Yes, medications and dietary patterns can influence breath nitrogen test results. Medications that affect protein digestion or nitrogen metabolism, like antibiotics or steroids, may alter breath nitrogen levels. High-protein diets and recent protein intake before the test can increase breath nitrogen. Low-protein diets and fasting can substantially lower breath nitrogen outputs.

In cases where accurate assessment of functional residual capacity (FRC) is critical, such as evaluating lung function in people with respiratory diseases like asthma or COPD or assessing response to treatment, the test may be recommended on a regular basis, usually as part of routine pulmonary function testing. However, healthcare providers select the specific frequency of testing based on the patient's condition and treatment plan.

Individuals of all demographics and ages are typical candidates for a breath nitrogen test, particularly those with suspected or diagnosed respiratory disorders such as asthma, chronic obstructive pulmonary disease (COPD), or cystic fibrosis. Individuals with symptoms suggestive of small airway disease, as well as those at risk due to a smoking history, may benefit from this test for early detection and monitoring. While there is no age limit, it is often used in both pediatric and adult populations, depending on clinical indications and medical history.

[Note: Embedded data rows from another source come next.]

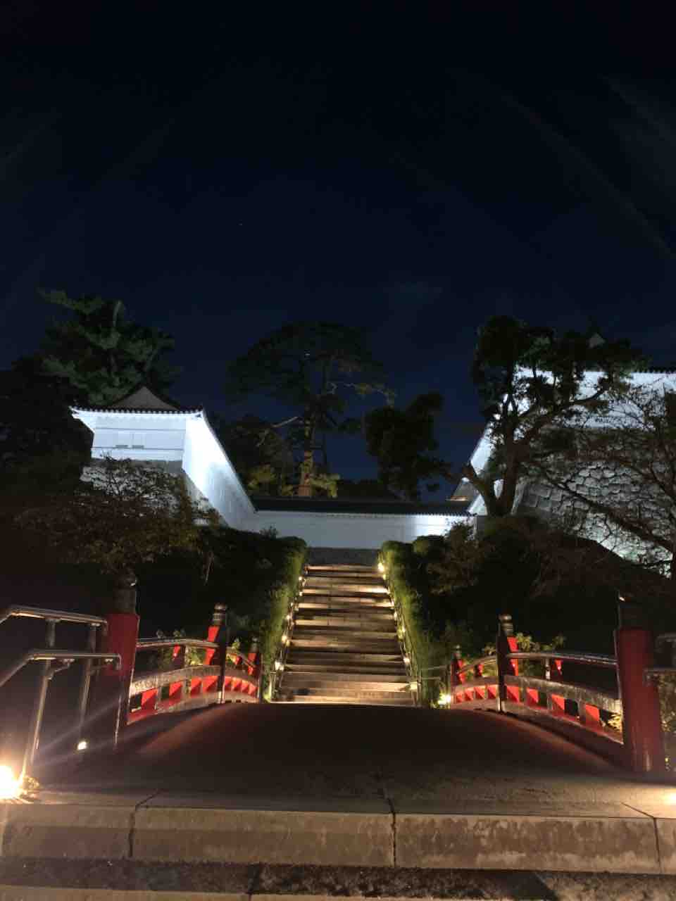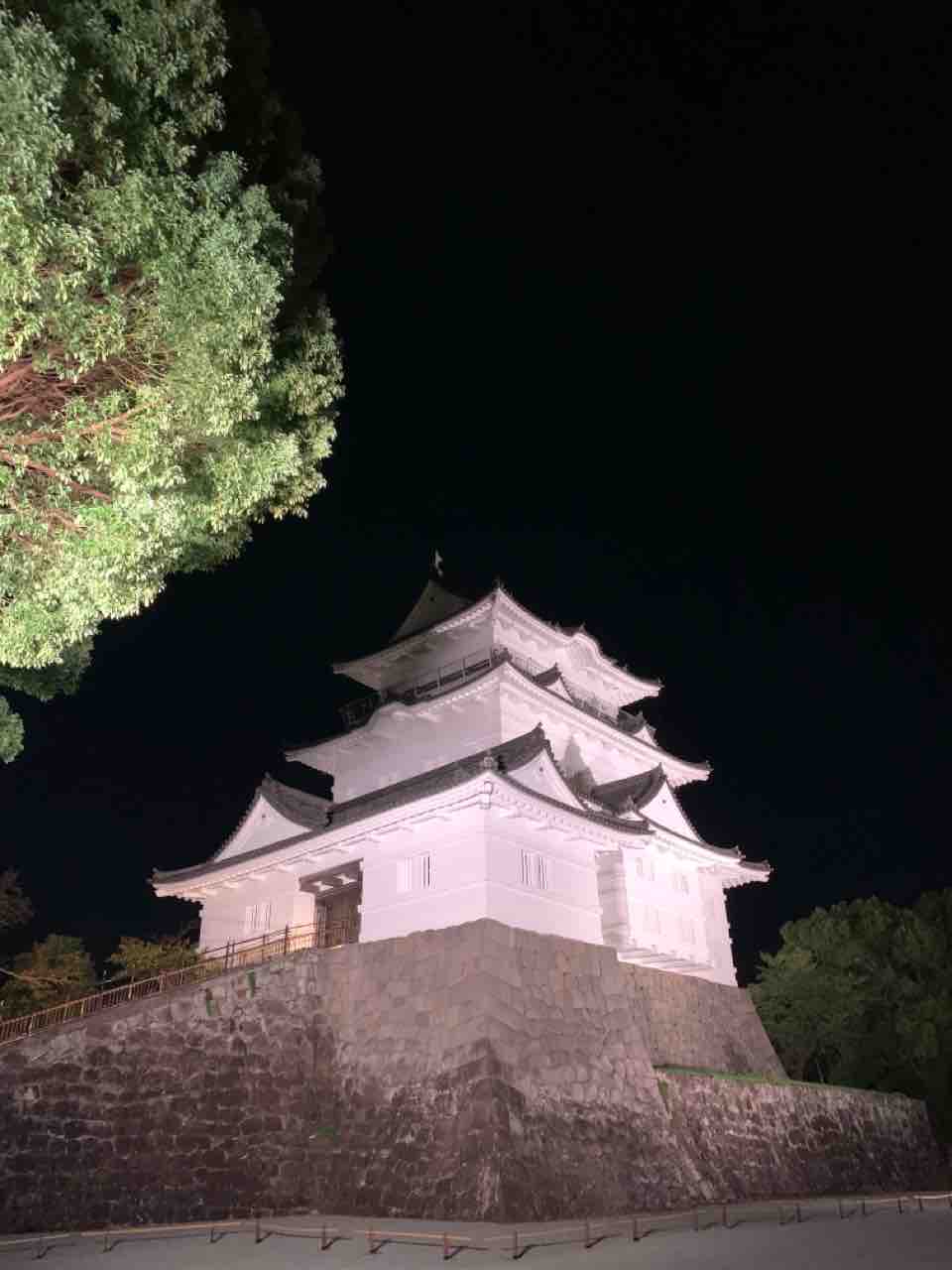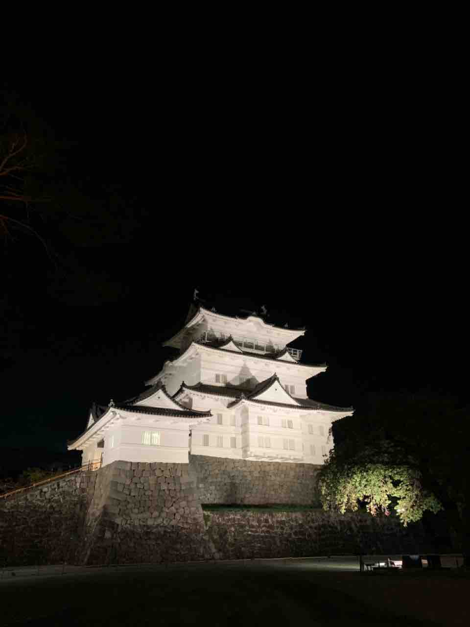夕方になって、段々日が暮れてくると、小田原城が美しくライトアップされていることに気づきました。門は閉じられておらず、天守閣の前まで散策できるようになっていました。
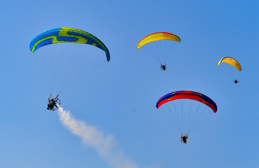 動力傘運動員在烏蘭察布草原飛行大會上進行飛行表演。新華社發(王正攝)
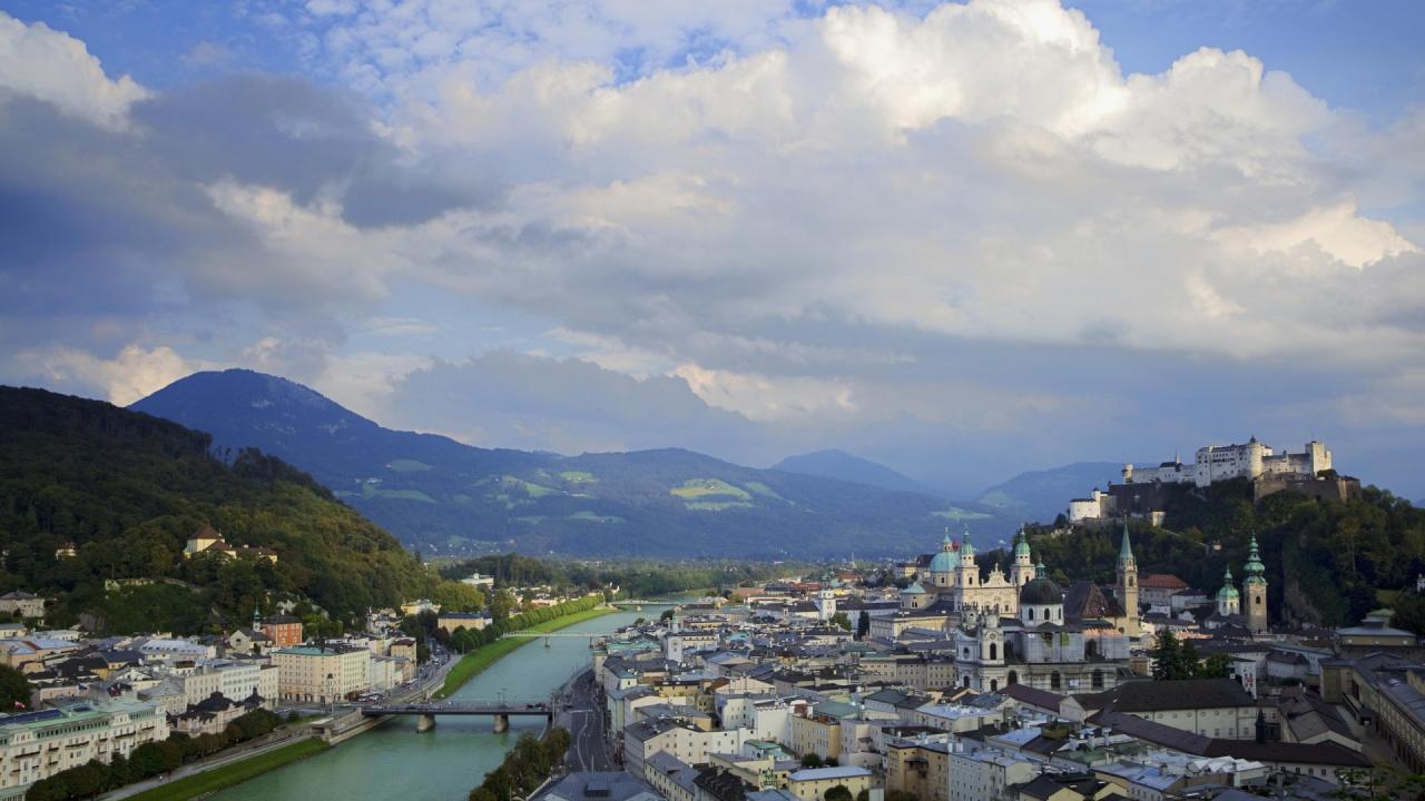Wallpaper City among the mountains of Salzburg, Austria
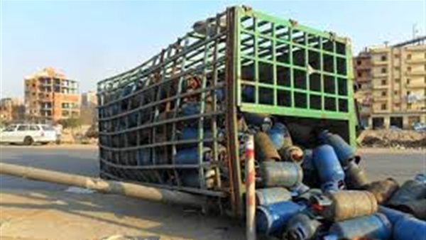 انقلاب سيارة أسطوانات غاز بطريق الإسماعيلية القاهرة الصحراوي
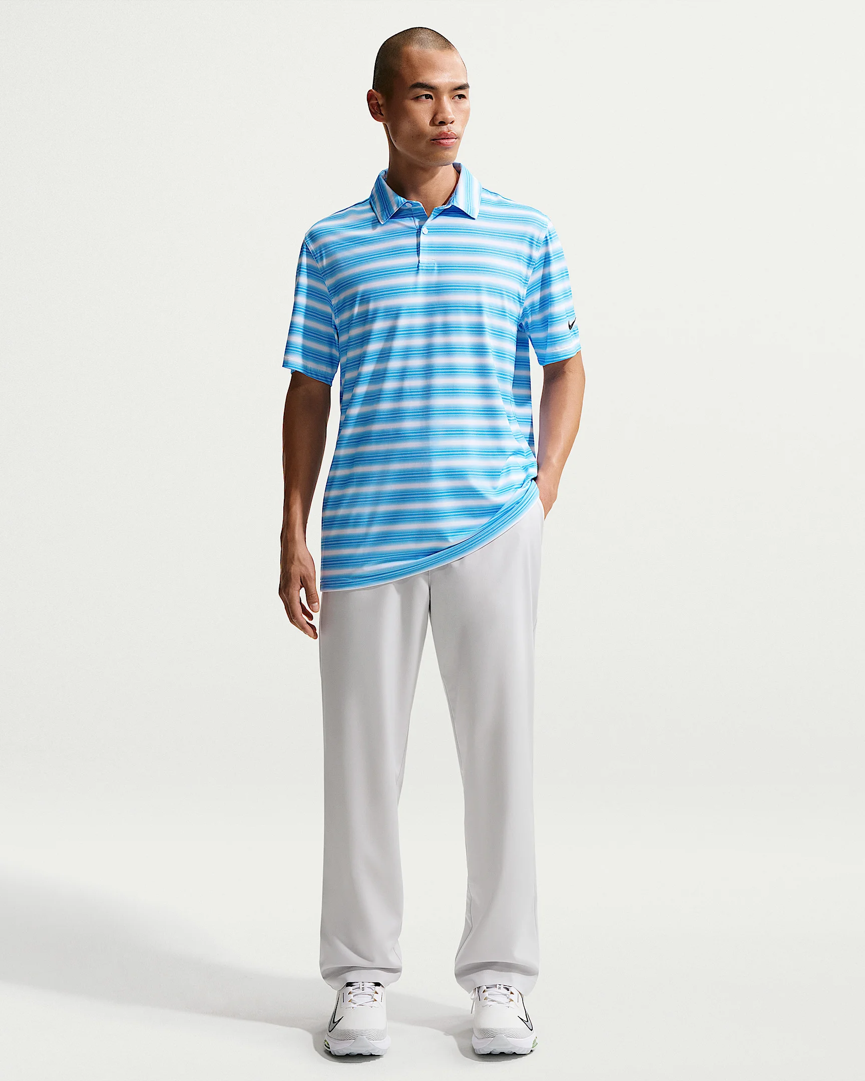 Keep comfort in your back pocket with these lightweight, breathable golf pants. Made with sweat-wicking tech, the stretchy woven fabric helps keep you dry and comfortable whether you're walking the course or riding. The stretch waistband is lined with gripper tape for a snug fit that helps tucked shirts stay put. Benefits - Four-way stretch fabric allows you to move without restriction. - Nike Dri-FIT technology moves sweat away from your skin for quicker evaporation, helping you stay dry and comfortable. - Deep pockets are designed to hold yardage books, phones and keep tees and ball markers in place—even when you're riding. - Woven pocket lining helps prevent tees, ball markers and pencils from getting caught. Product Details - Body: 100% polyester. Pockets: 80% polyester/20% cotton. - Front zipper and snap-button closure - Hand and back pockets - Belt loops - Machine wash - Imported - Shown: Photon Dust/Wolf Grey/Photon Dust - Style: IQ3877-025 SIZE & FIT Model is wearing size M and is 5'11"180cm Standard fit: easy and traditional
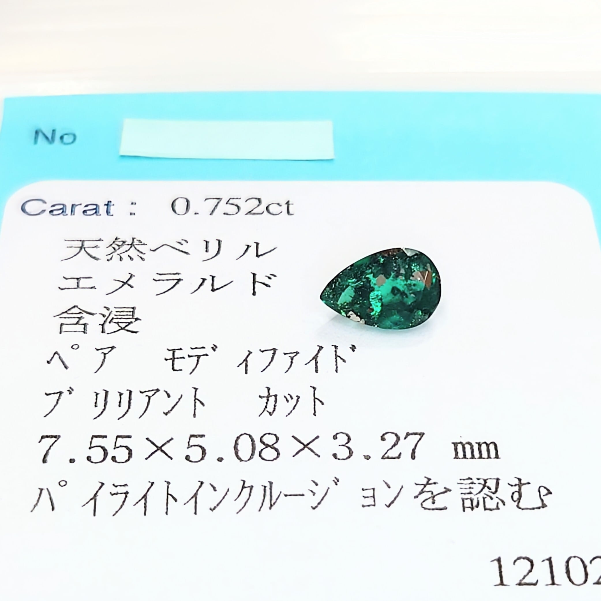 ・宝石名:天然ベリル(エメラルド)
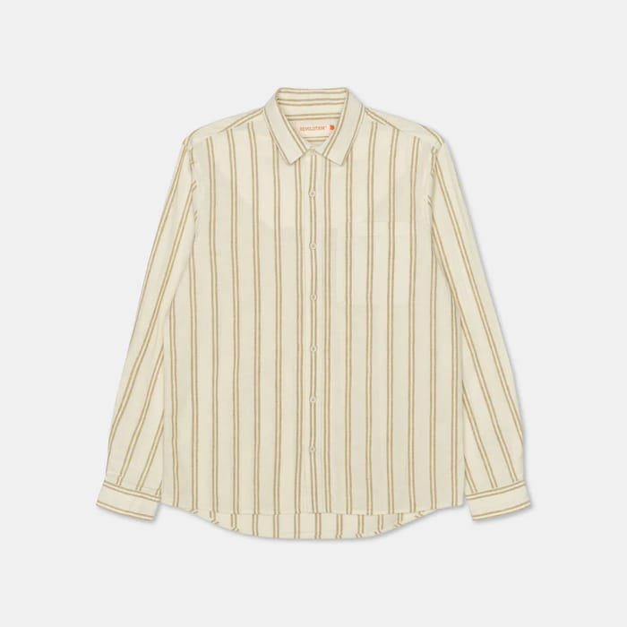 The M's Loose Shirt by the brand Revolution is an elegant and formal piece for your wardrobe. This long-sleeved shirt is crafted in a blend of 70% organic cotton and 30% linen, offering comfortable breathability and fit. The shirt is available in a pretty ecru color, perfectly suited for formal occasions such as ceremonies or events. The stitch style of the shirt is classic and sophisticated, while the long sleeves with buttons at the sleeve offer a touch of refinement. A small pocket is located on the left chest, convenient to store your accessories. The Revolution M's Loose Shirt is a great option for those looking for an elegant and chic look for their office or formal occasions. -
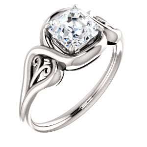 We like to say this ring is as boring as a Bentley automobile, and of course that sophistication-on-wheels vehicle is anything but boring. Twin engraved ring flanks carry a design that’s part-heart and similar in styling to the bottom part of the fleur-de-lis symbol. A thick halo of metal surrounds the prong-set, cathedral-raised Asscher Cut center stone in your choice of carat weight from 0.65 to 5.0 carats of 5A diamond-quality cubic zirconia. We think this is a ring for a woman who herself is never boring, an adventurous lady with flair to spare. How does one define “boring” in this way? Well, if you're not at least a little afraid when someone is flipping through the photos on your smart phone…then you're probably pretty boring.
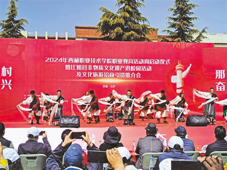 日前,2024年西藏職業(yè)技術(shù)學(xué)院職業(yè)教育活動周在拉薩啟動。那曲市比如縣非物質(zhì)文化遺產(chǎn)走進(jìn)校園,激發(fā)了學(xué)生和老師對傳統(tǒng)文化濃厚的興趣。
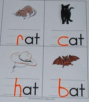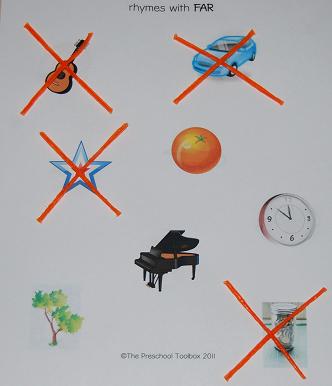 Print the file (linked above) for each of your children. Have the children use the Wikki Stix to make an X over each of the rhyming pictures on the pages (see photo above.)
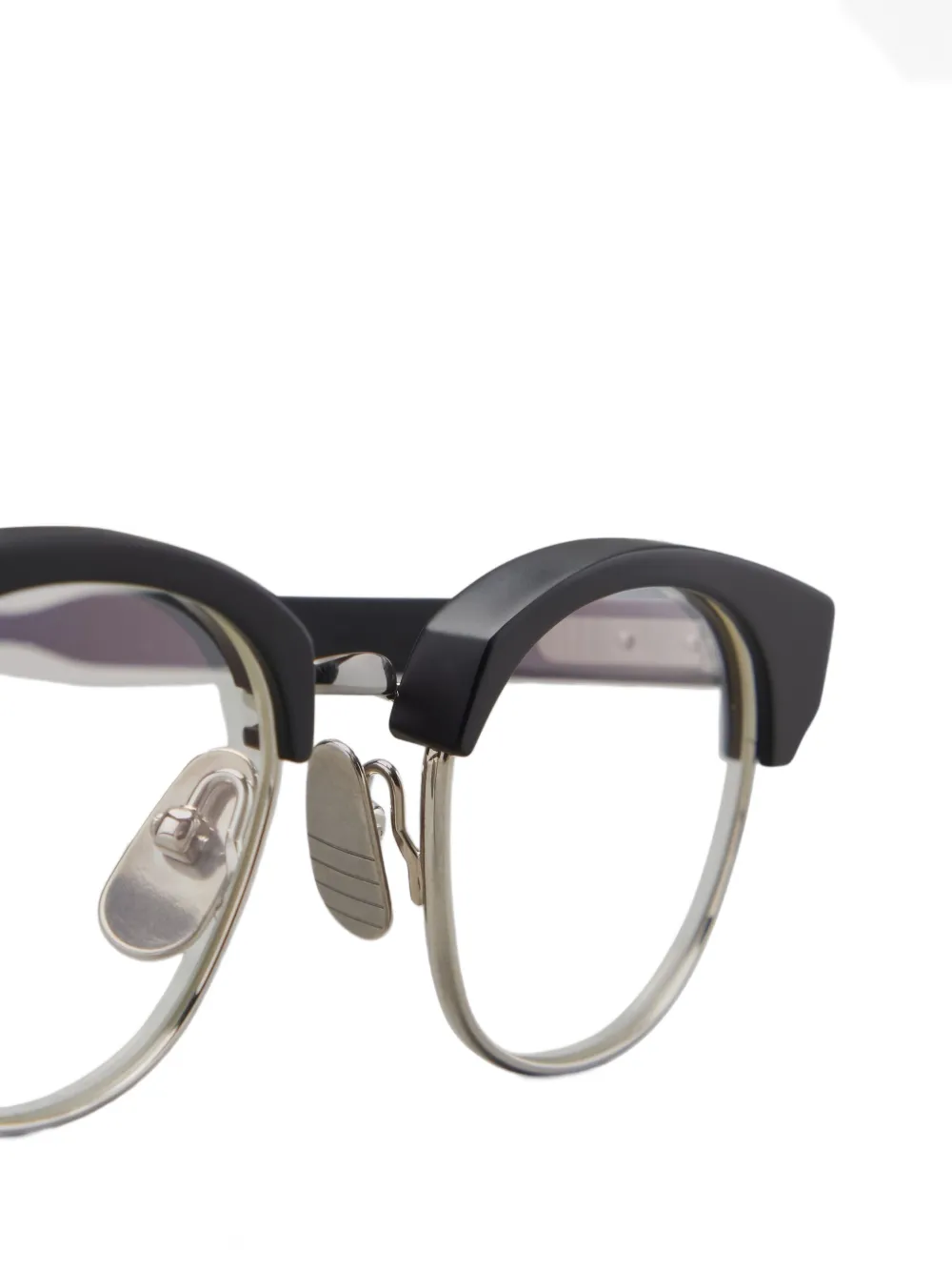 Черная овальная оправа с верхним слоем из ацетата и нижним носоупором из титана. Все очки FARFETCH продаются без диоптрий. Очки поставляются с защитным футляром.
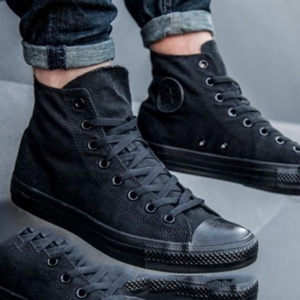 Sepatu Sekolah Anak Perempuan Laki-laki Hitam Putih Polos Converse Hight Low

The breath nitrogen test is primarily used to measure lung function and small airway physiology rather than to evaluate metabolic health or aid in weight management. While changes in lung function may indirectly influence metabolic processes, the test itself does not provide direct insights into metabolic health or weight management.

The breath nitrogen test does not directly examine digestive health; instead, it evaluates lung function and small airway physiology. However, the breath nitrogen test may play an indirect role in some cases, such as when testing for gastroesophageal reflux disease (GERD).

The breath nitrogen test differs from other diagnostic procedures for similar situations, such as spirometry or bronchial provocation tests, because it focuses on examining small airway function and measuring functional residual capacity (FRC). While spirometry assesses overall lung function, the breath nitrogen test focuses on small airways, offering additional information. Furthermore, unlike bronchial provocation tests, which evaluate airway hyperresponsiveness, the breath nitrogen test primarily assesses gas exchange dynamics and lung volumes, providing unique insights into respiratory physiology.

The breath nitrogen test cannot detect food intolerances or allergies because it focuses on lung function and small airway physiology. However, in rare situations, people with food intolerances or allergies may have respiratory symptoms like wheezing or shortness of breath, which could have an indirect impact on the test results.

Yes, there are specialized variants of breath nitrogen tests designed for specific purposes. One type, known as the multiple breath nitrogen washout test, measures ventilation inhomogeneity and small airway function in diseases such as cystic fibrosis. Another type, known as the single-breath nitrogen test, assesses lung volumes and gas exchange dynamics, particularly in those with respiratory illnesses such as asthma or chronic obstructive pulmonary disease (COPD).